Skin condition characterized by small bumps caused by overproduction of keratin

Keratosis pilaris (KP; also follicular keratosis, lichen pilaris, or colloquially chicken skin) is a common, autosomal-dominant, genetic condition of the skin's hair follicles characterized by the appearance of possibly itchy, small, gooseflesh-like bumps, with varying degrees of reddening or inflammation. It most often appears on the outer sides of the upper arms (the forearms can also be affected), thighs, face, back, and buttocks; KP can also occur on the hands, and tops of legs, sides, or any body part except glabrous (hairless) skin (like the palms or soles of feet). Often the lesions can appear on the face, which may be mistaken for acne or folliculitis.
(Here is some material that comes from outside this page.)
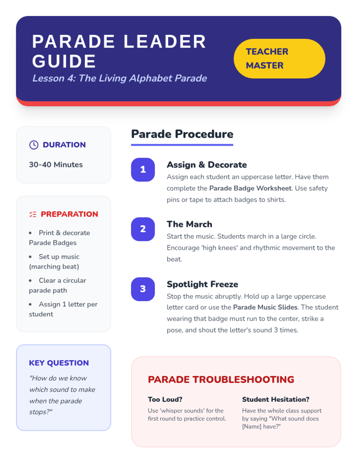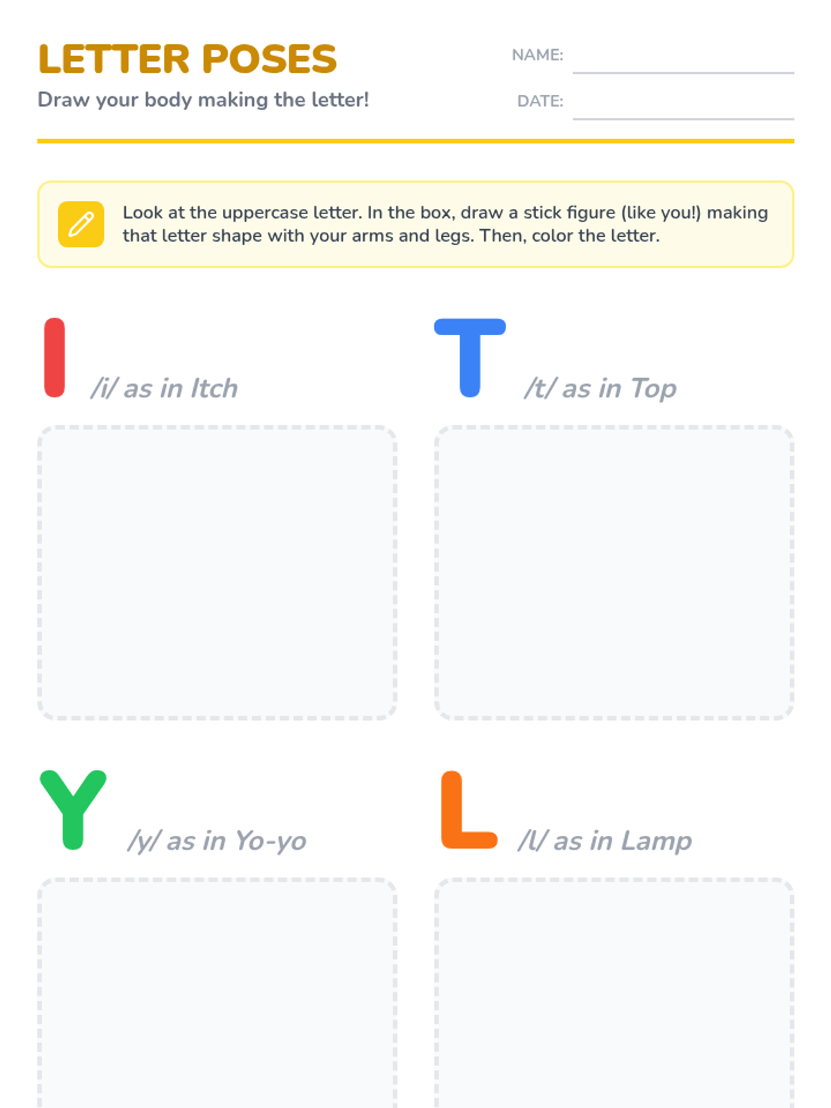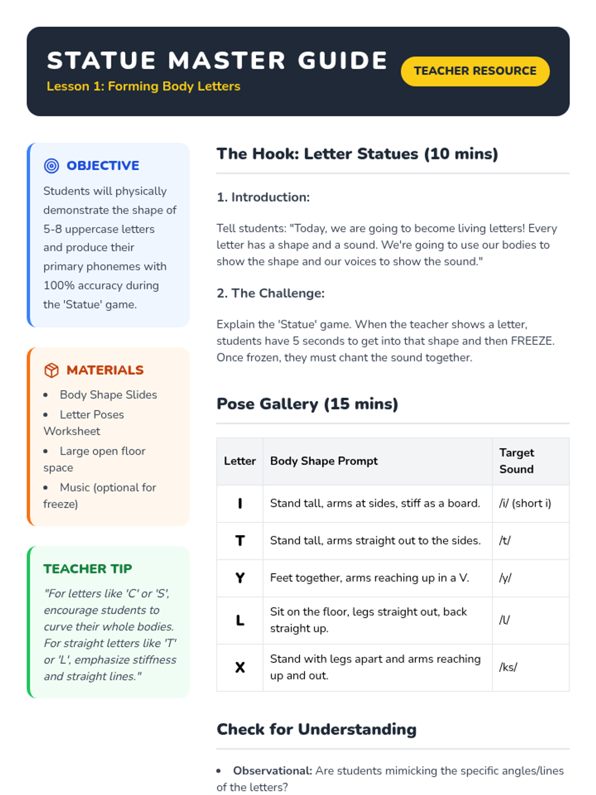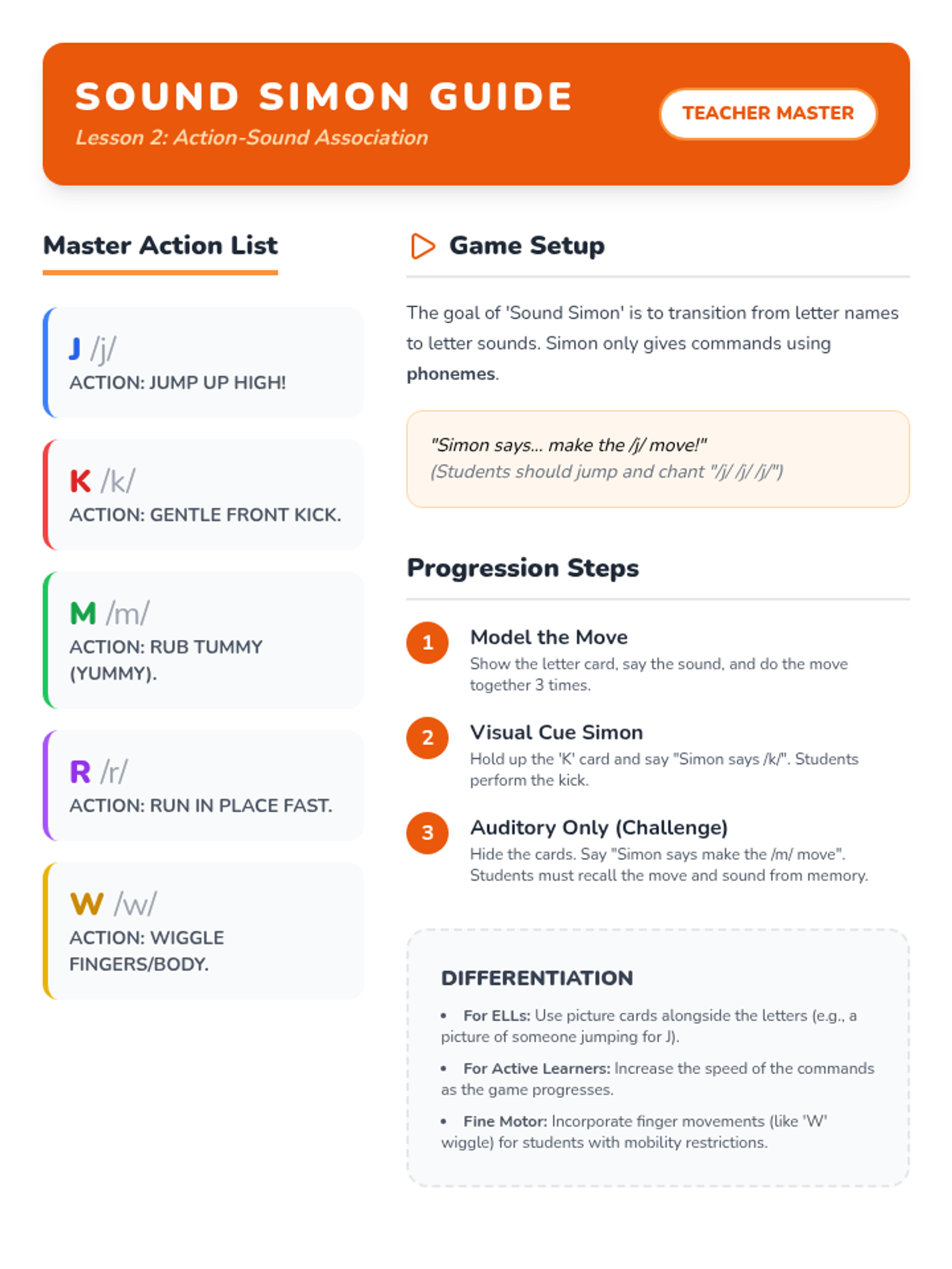 A Kindergarten phonics sequence focusing on uppercase letter-sound correspondence through Total Physical Response (TPR). Students use body movements, actions, and games to internalize letter shapes and their associated phonemes.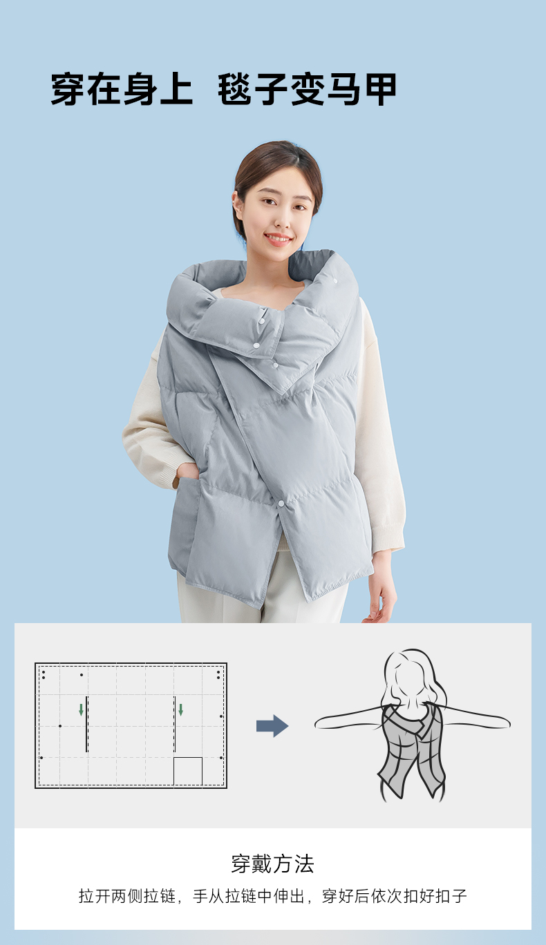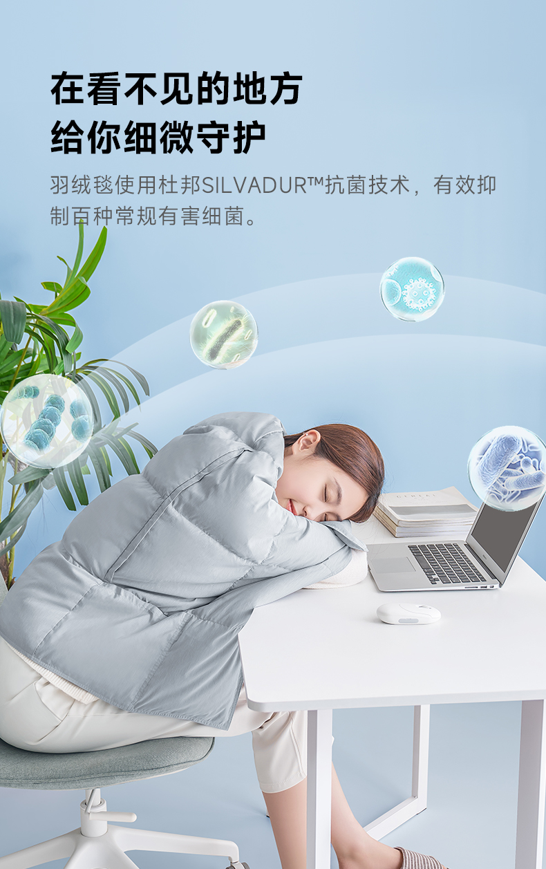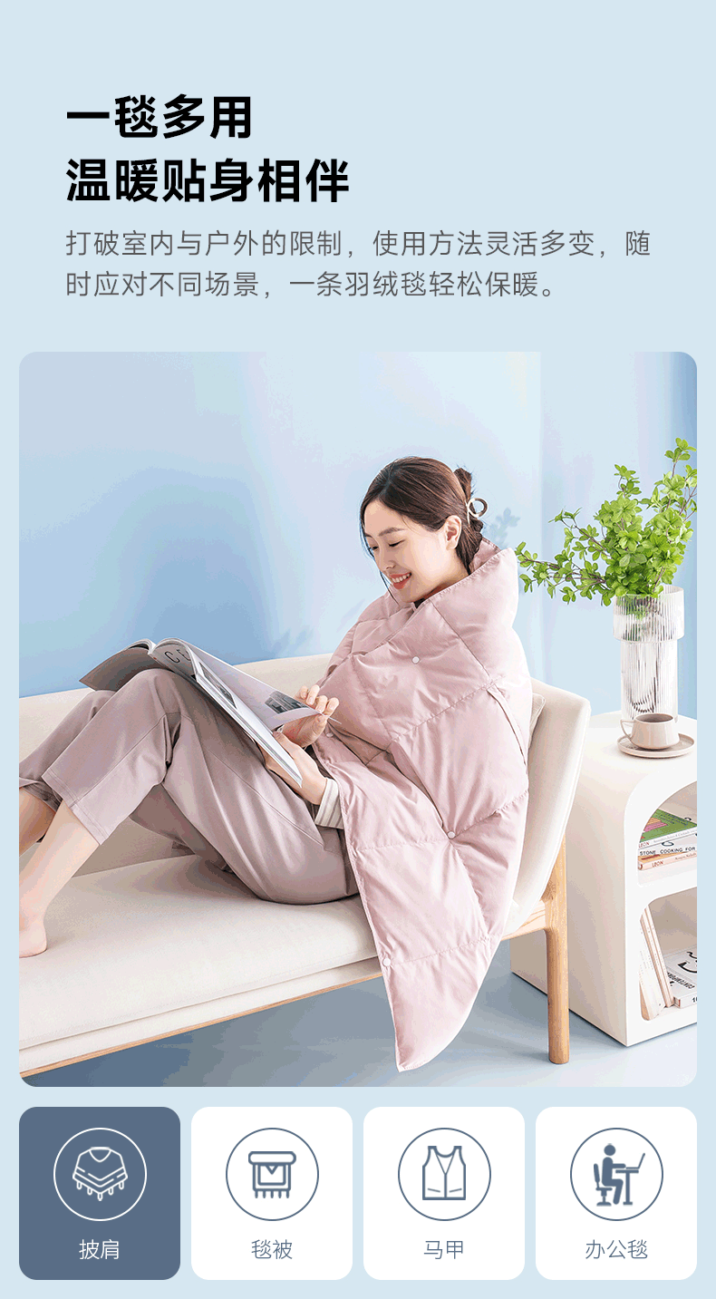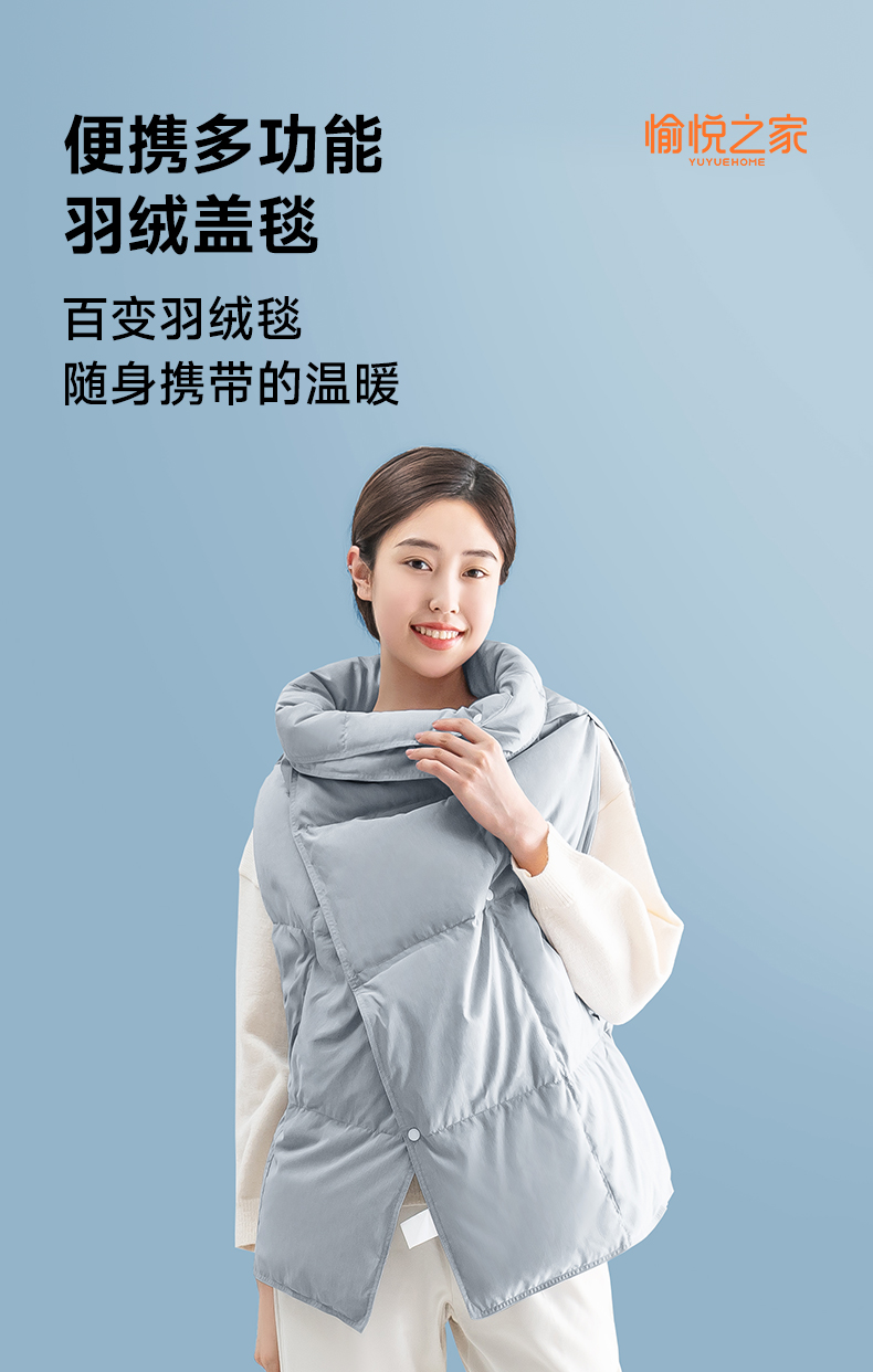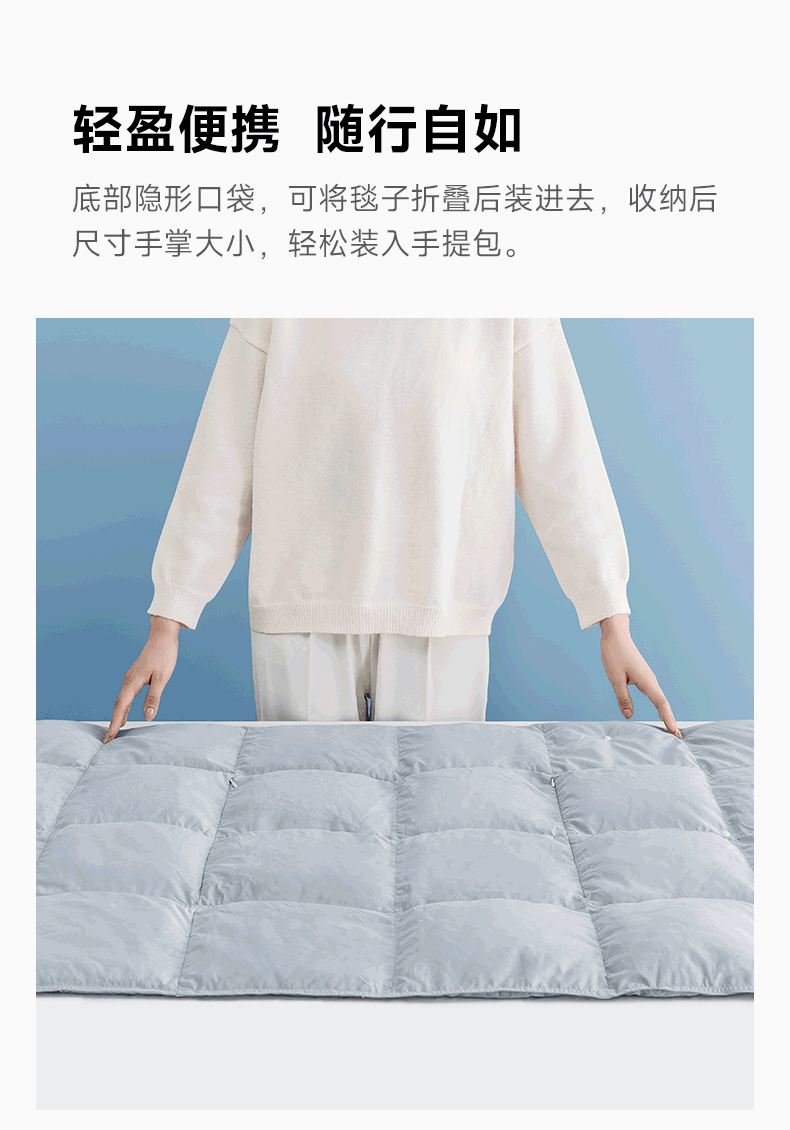 【叠起来只有巴掌大小 90%鸭绒】愉悦之家 便携多功能羽绒盖毯 一级鸭绒毯更轻柔

The several types of KP have been associated with pregnancy, type 1 diabetes mellitus, obesity, dry skin, allergic diseases (e.g., atopic dermatitis), and rarely cancer. Many rarer types of the disorder are part of inherited genetic syndromes.

The cause of KP is not completely understood. As of 2018, KP is thought to be due to abnormalities in the deposition of the protein keratin in hair follicles, in the hair shaft, or in both. KP is usually diagnosed by a medical professional based on the appearance of the skin, but dermoscopy can be used, as well, if the diagnosis is unclear. Variants of the ABCA12 gene have been associated with KP.

KP is the most common disorder of the hair follicle in children.
How common it is in adults is unclear, as keratosis pilaris is underreported, and the actual prevalence may be higher than estimated. No single approach has been found to cure KP completely, but treatments can improve the cosmetic appearance of the condition. Treatment includes the application of topical preparations of moisturizers and medications such as glycolic acid, lactic acid, salicylic acid, urea, or retinoids to the skin. Fractional carbon dioxide lasers and Nd:YAG laser therapies are also effective.

==Signs and symptoms==
KP results in small, rough bumps on the skin's surface. They are skin-colored bumps the size of a grain of sand, many of which are slightly pink in light-skinned people and dark spots in dark-skinned people. Most people with KP do not have symptoms, but the bumps in the skin can occasionally be itchy. Irritation due to scratching KP bumps can result in redness and inflammation.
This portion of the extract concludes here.